* Supplied information *
-- Opening Marker --

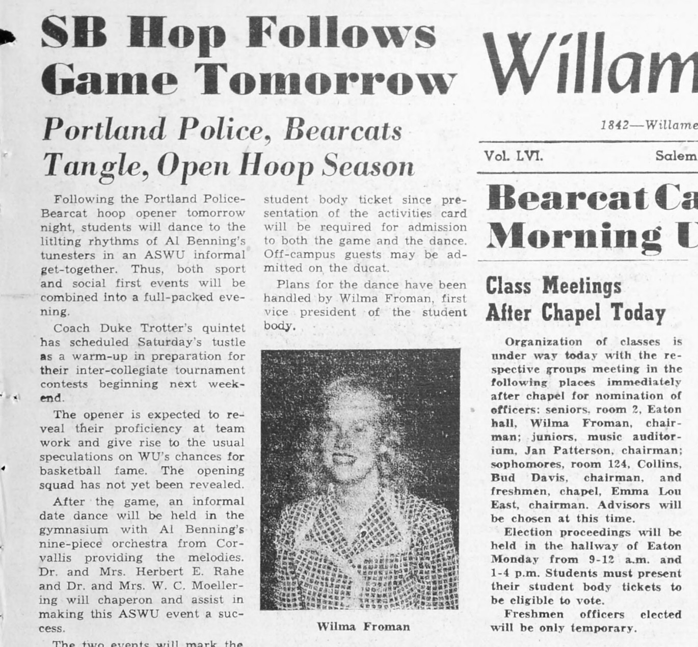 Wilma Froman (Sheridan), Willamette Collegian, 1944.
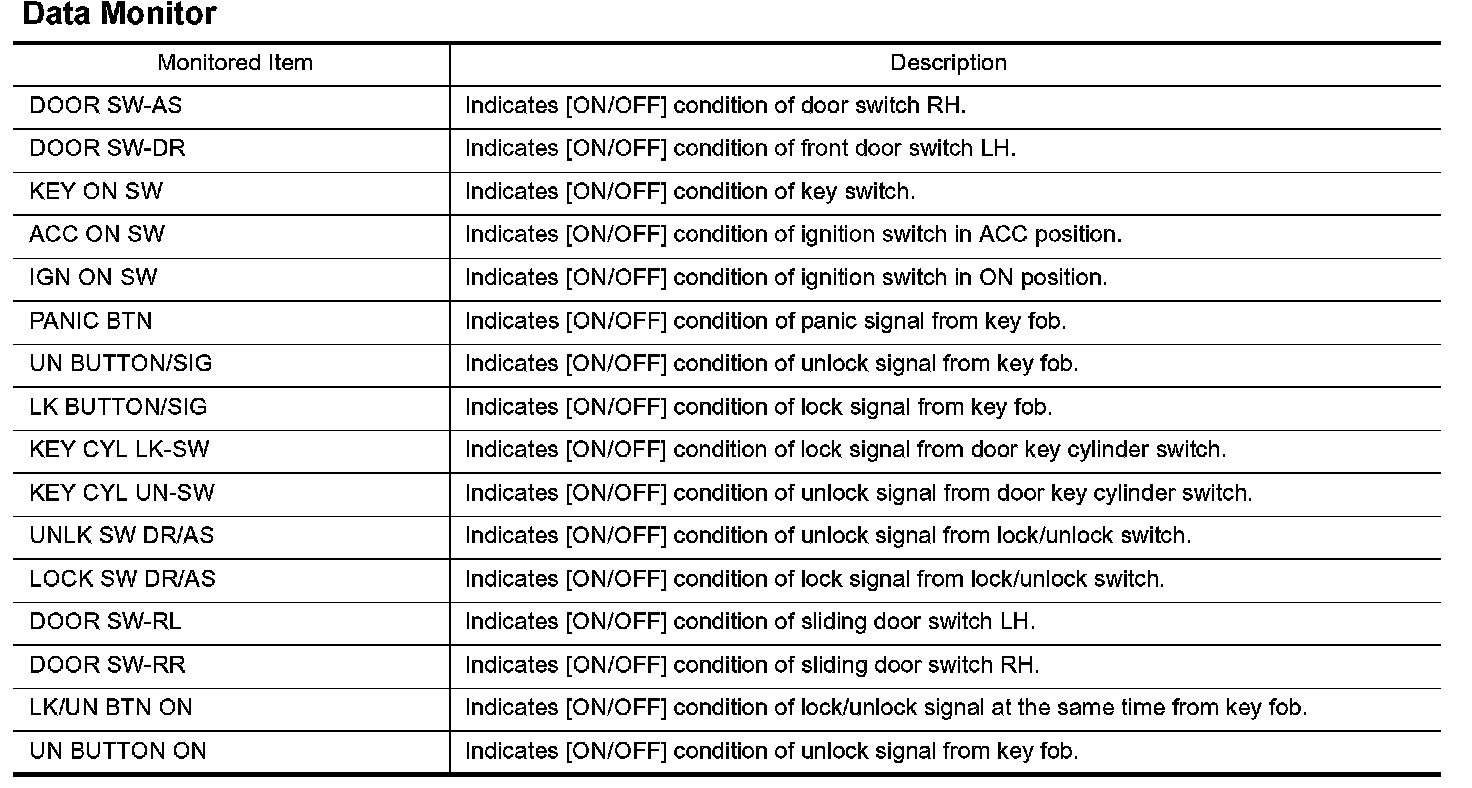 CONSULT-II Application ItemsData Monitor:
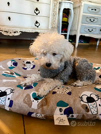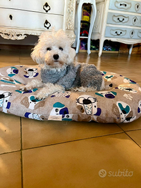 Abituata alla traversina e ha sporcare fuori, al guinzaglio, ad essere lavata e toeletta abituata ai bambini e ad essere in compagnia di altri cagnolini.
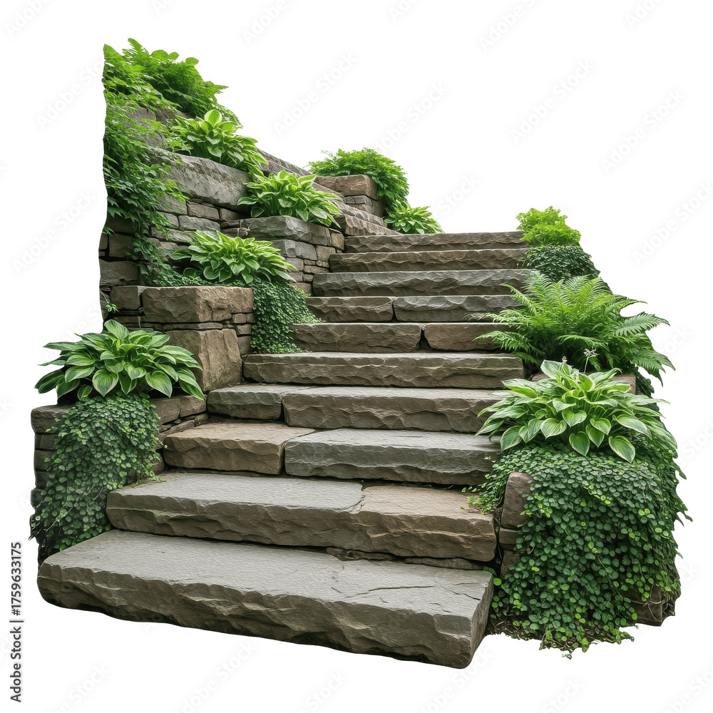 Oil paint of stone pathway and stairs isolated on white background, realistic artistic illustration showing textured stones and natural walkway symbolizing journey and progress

-- Closing Marker --
-- Opening Marker --

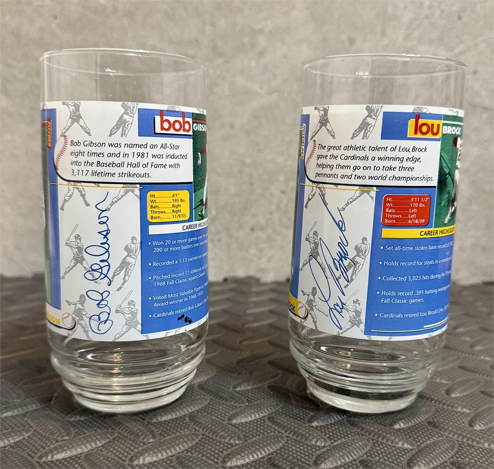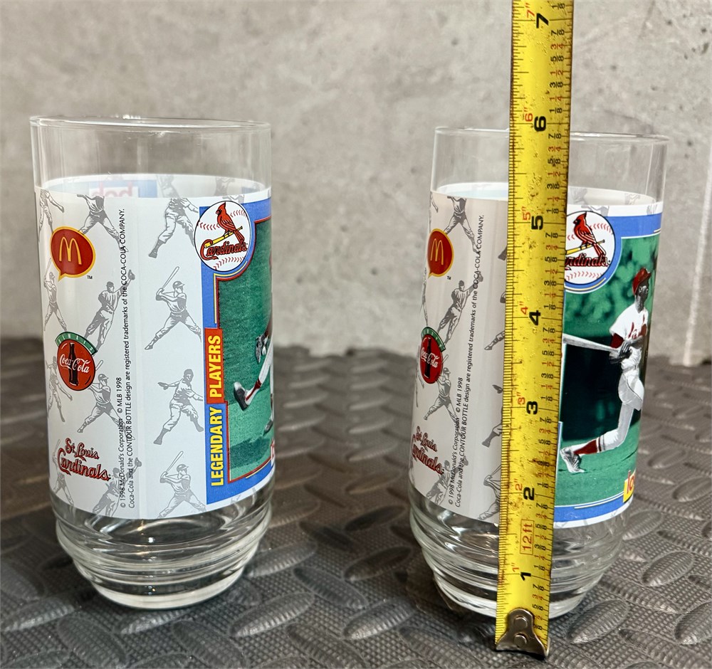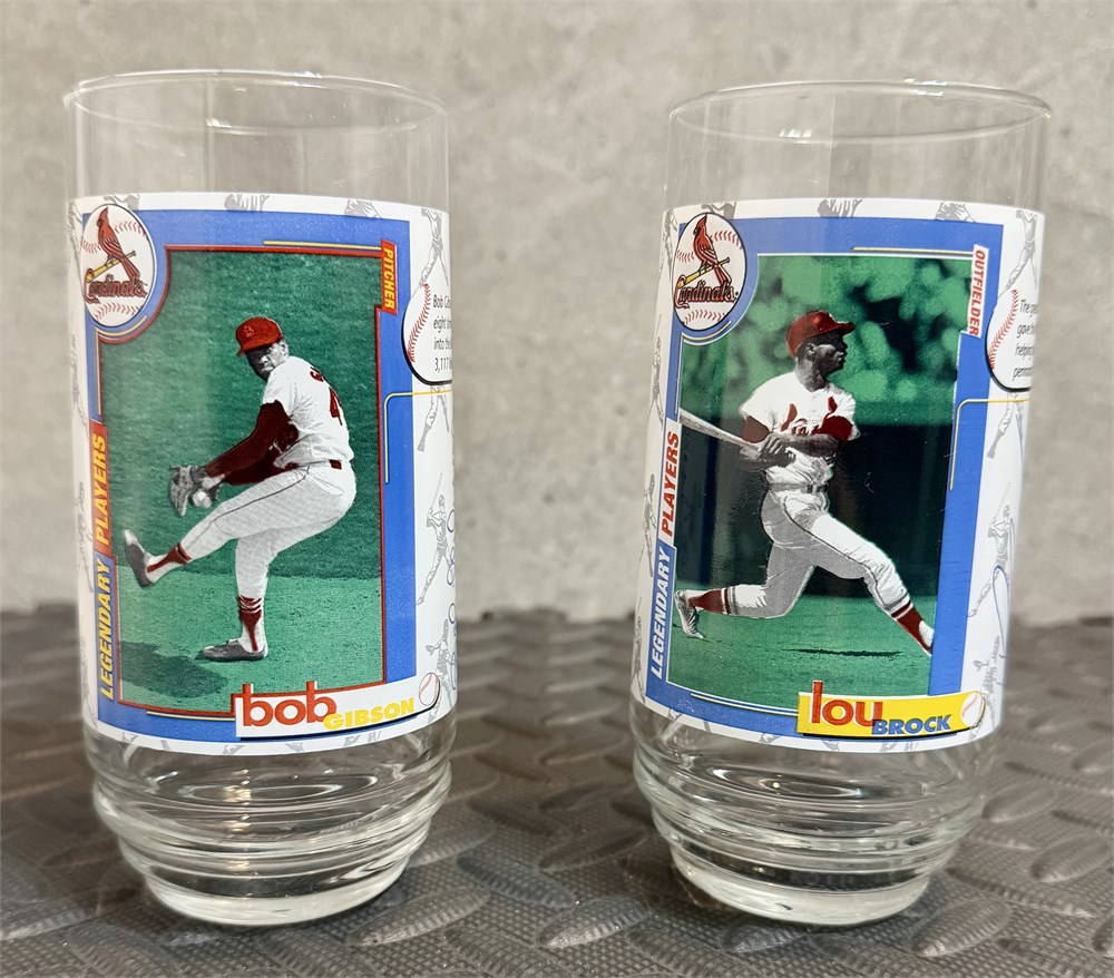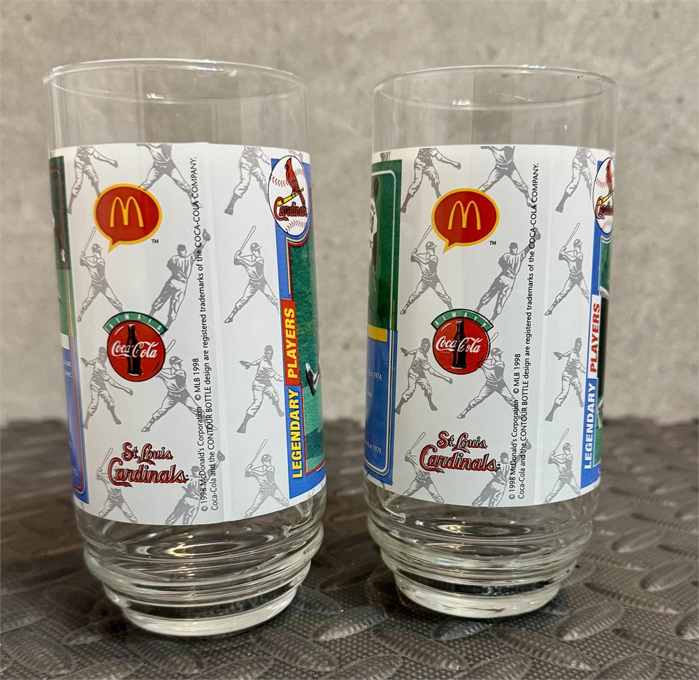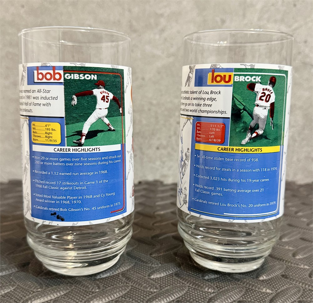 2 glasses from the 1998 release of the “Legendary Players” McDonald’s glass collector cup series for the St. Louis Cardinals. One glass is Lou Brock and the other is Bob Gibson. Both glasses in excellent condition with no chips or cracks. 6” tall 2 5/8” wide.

-- Closing Marker --

* Task to complete *
A verbatim reproduction is expected: starting at the line above that has "Wilma Froman (Sheridan), Willamette", ending at the line that has "Abituata alla traversina", both included, and with no pictures and no other lines.

* The completed task *
 Wilma Froman (Sheridan), Willamette Collegian, 1944.
 CONSULT-II Application ItemsData Monitor:
 Abituata alla traversina e ha sporcare fuori, al guinzaglio, ad essere lavata e toeletta abituata ai bambini e ad essere in compagnia di altri cagnolini.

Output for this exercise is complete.